Показав мне дорогу к дому, Руфина с завидной ловкостью взбежала по лестнице, сделанной из ствола гуаякана с зарубками, и даже – полупочтительно, полунасмешливо – подала мне руку, когда я собрался шагнуть на пол хижины, сложенный из обтесанных досок памбиля, отполированных до блеска всеми ступавшими по ним ногами. Курчавые волосы Руфины были аккуратно стянуты на затылке, лицо – не лишено врожденной миловидности; на ней была чистенькая синяя ситцевая юбка и белоснежная блузка, вместо сережек – синие амулеты, на шее – ожерелье из таких же амулетов вперемежку с монетками и целебными семенами кабалонги. Я давно не видел местных женщин, и наряд Руфины показался мне очень милым и своеобразным. Мягкий голос, повышающийся, как у всех негров, на ударном слоге последнего слова фразы, гибкие движения и лукавая улыбка напомнили мне Ремихию в вечер ее свадьбы. Бибиано, отец молодой негритянки, пятидесятилетний гребец, вынужденный оставить свое занятие из-за ревматизма, неизбежно поджидающего всех гребцов, вышел ко мне навстречу с шляпой в руке, опираясь на толстую чонтовую палку. На нем были желтые байковые штаны и синяя полосатая рубаха навыпуск.

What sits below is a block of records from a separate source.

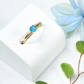 本日無事に届きました。きれいなブルーにみとれます。とても目立つので石の小ささが気になりません。リングのミル打ちも素敵。ツヤツヤのシルバーリングと重ねたら、ブルーが一層引き立つような気がしました。
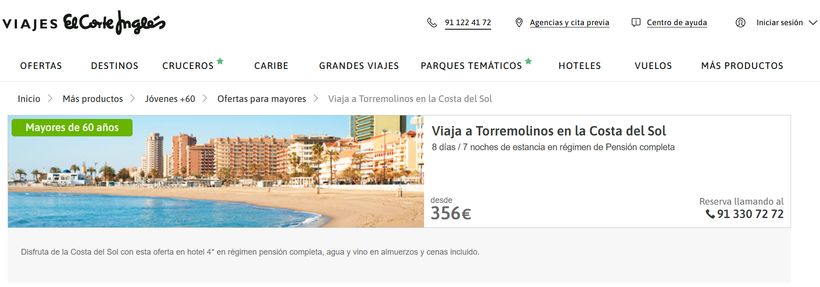 Viajes El Corte Inglés vuelve a plantar cara a los viajes del Imserso (Instituto de Mayores y Derechos Sociales) con una baratísima escapada a uno de los destinos favoritos del turismo sénior. En esta ocasión, la agencia oferta una estancia de ocho días y siete noches en hotel de cuatro estrellas en régimen de pensión completa desde 356 euros por persona en Torremolinos (Málaga).
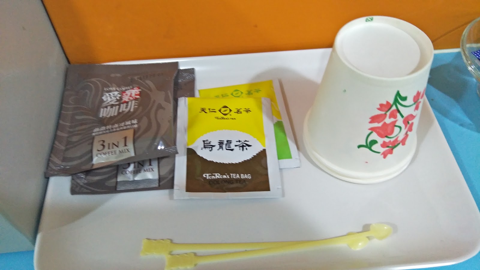 ▲提供咖啡與茶,杯子是用免洗杯。有許多小型旅店因衛生改用免洗杯,
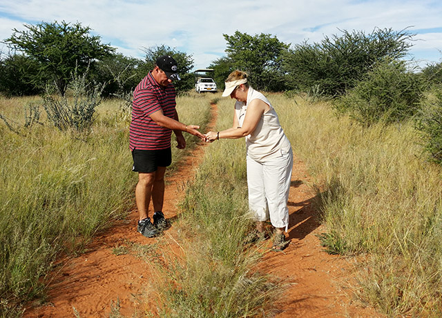 Nico then pointed out the time to her (nearly midnight) on the bar clock and reminded her that tomorrow they have to be up early to go into Etosha. It worked like a charm - she got up from the table and staggered to her room with some help from Nico!

Дом Бибиано считался на реке одним из лучших: галерея служила как бы продолжением столовой, по одну сторону от перил, поднимавшихся примерно на полторы вары над землей, открывался вид на реку Дагуа, по другую – на медлительный, темный Сан-Сиприано. За столовой шла спальня, а из нее ход вел в кухню; там стоял очаг из пальмовых досок, обмазанных глиной, а на нем – каменная плита и все, что нужно для приготовления Фуфу.[44] Поверх потолочных балок лежал помост, прикрывающий столовую на одну треть, – нечто вроде кладовой, где, поспевая, желтели бананы. Руфина то и дело карабкалась на помост по лестнице, значительно более удобной, чем та, что вела в дом из патио. С одной балки свешивались верши и сети, поперек других лежали остроги и удочки. На крючке висели плохонький тамбурин и карраска,[45] в углу стоял карангано.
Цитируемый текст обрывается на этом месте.